Section Find guide RNA contains two new tables containing a list of modified bases in human 18S and 28S rRNAs with the corresponding guide snoRNAs. Mapped modifications without known snoRNA guide are included, as well as in the Find guide RNA sequences.
March 2007:
Thanks to the HUGO Gene Nomenclature Committee, all human snoRNAs have now approved names and symbols, and RefSeq IDs. In agreement with experts in the field, the list and names of snoRNAs of the HBII-52 and HBII-85 (SNORD115@ and SNORD116@) clusters have been revisited. The SNORD115@ cluster is composed of 42 snoRNAs numbered 1-48 following their chromosome order. Numbers 22, 27, 28, 45, 46 and 47 were left unassigned. These correspond to divergent cluster members that might not be processed as stable snoRNAs. The SNORD116@ cluster is composed of 29 members numbered 1-29 following their chromosome order.
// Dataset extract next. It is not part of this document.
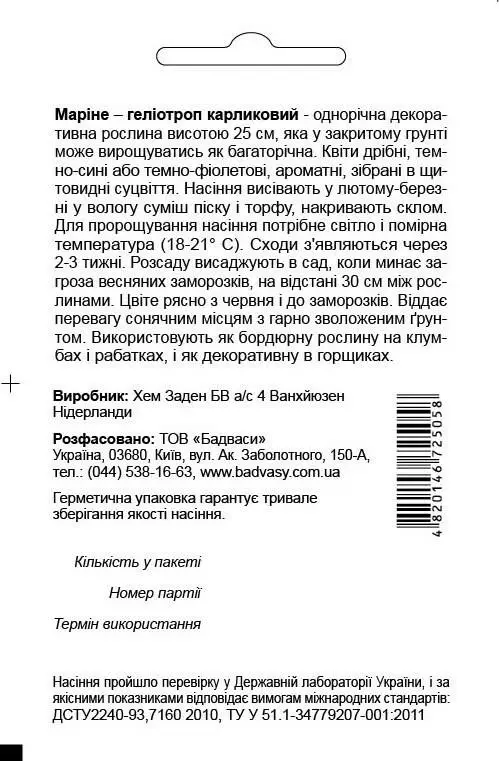 Геліотроп Маріне, темно-синій, 0,1 г, Садиба Центр

July 2006: You can now perform a Blastn search against the human sno/scaRNAs from snoRNABase.
May 2006: Links to the UCSC Genome Browser are for the March 2006 (hg 18, NCBI Build 36.1) human reference sequence.
January 2006: Phylogenic aligments are now available for scaRNAs.
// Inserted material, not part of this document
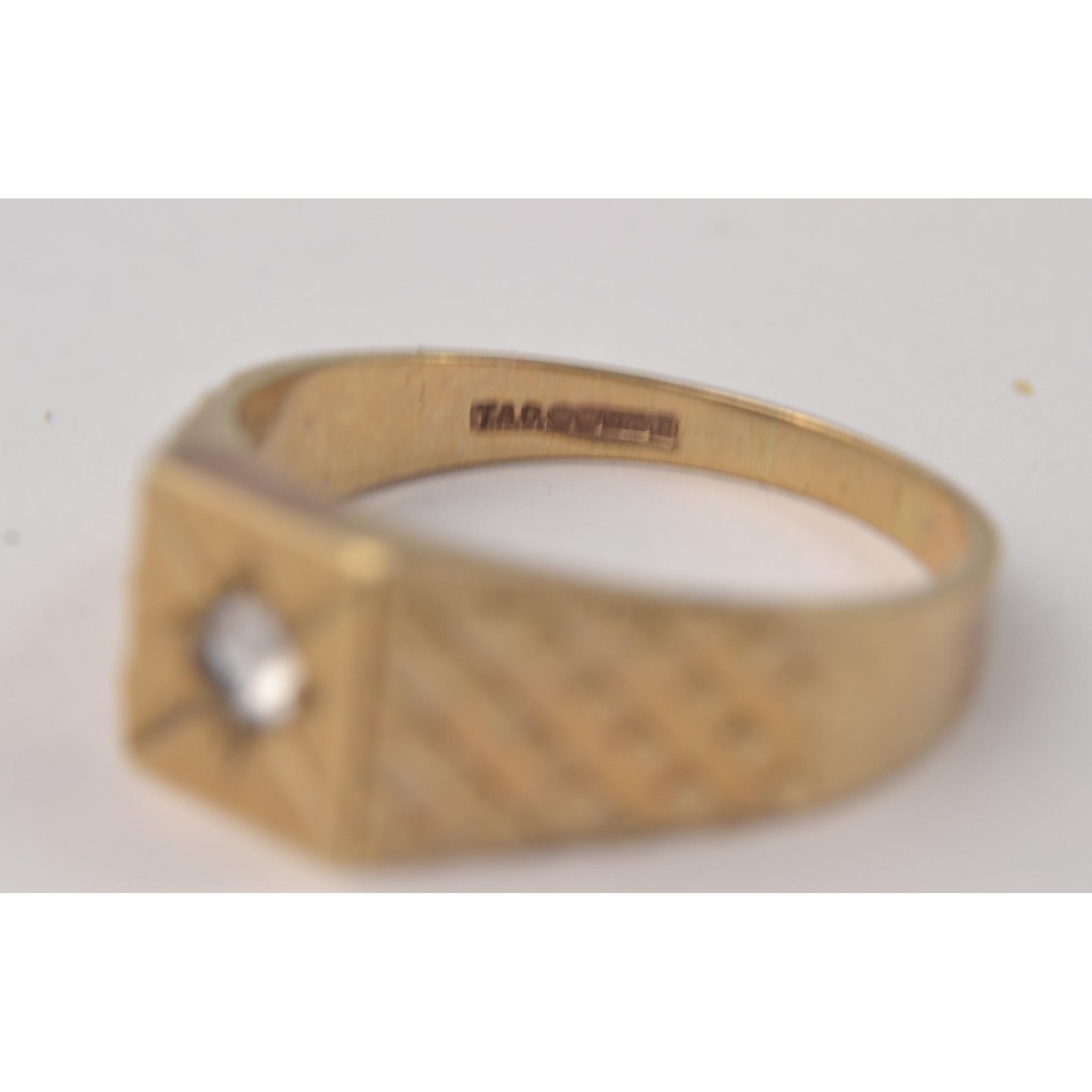 Gents 9ct yellow gold ring set with central clear stone and starburst design. Shoulders with studded design. Size ZGross weight approx 5.2g

December 2005: We are progressively adding to each snoRNA page a phylogenic alignment of putative orthologues in vertebrates (and yeast for some of them). For the moment, this has been performed only for C/D box snoRNAs of the HBII series with identified targets.
Note that the alignments have been extended to include the inverted sequences that bracket the snoRNA gene. They might thus not correspond to the actual 5 and 3 ends of the mature snoRNA. In addition, it has not been systematically verified if the putative snoRNA orthologues reside in the orthologous host gene.
We thank Hiram Clawson (Genome Bioinformatics Group of UC Santa Cruz) for providing us with an alignment of 17 vertebrate genomes.
October 2005: This site is featured in: NetWatch - Science 310:27 (2005) [doi: 10.1126/science.310.5745.27d]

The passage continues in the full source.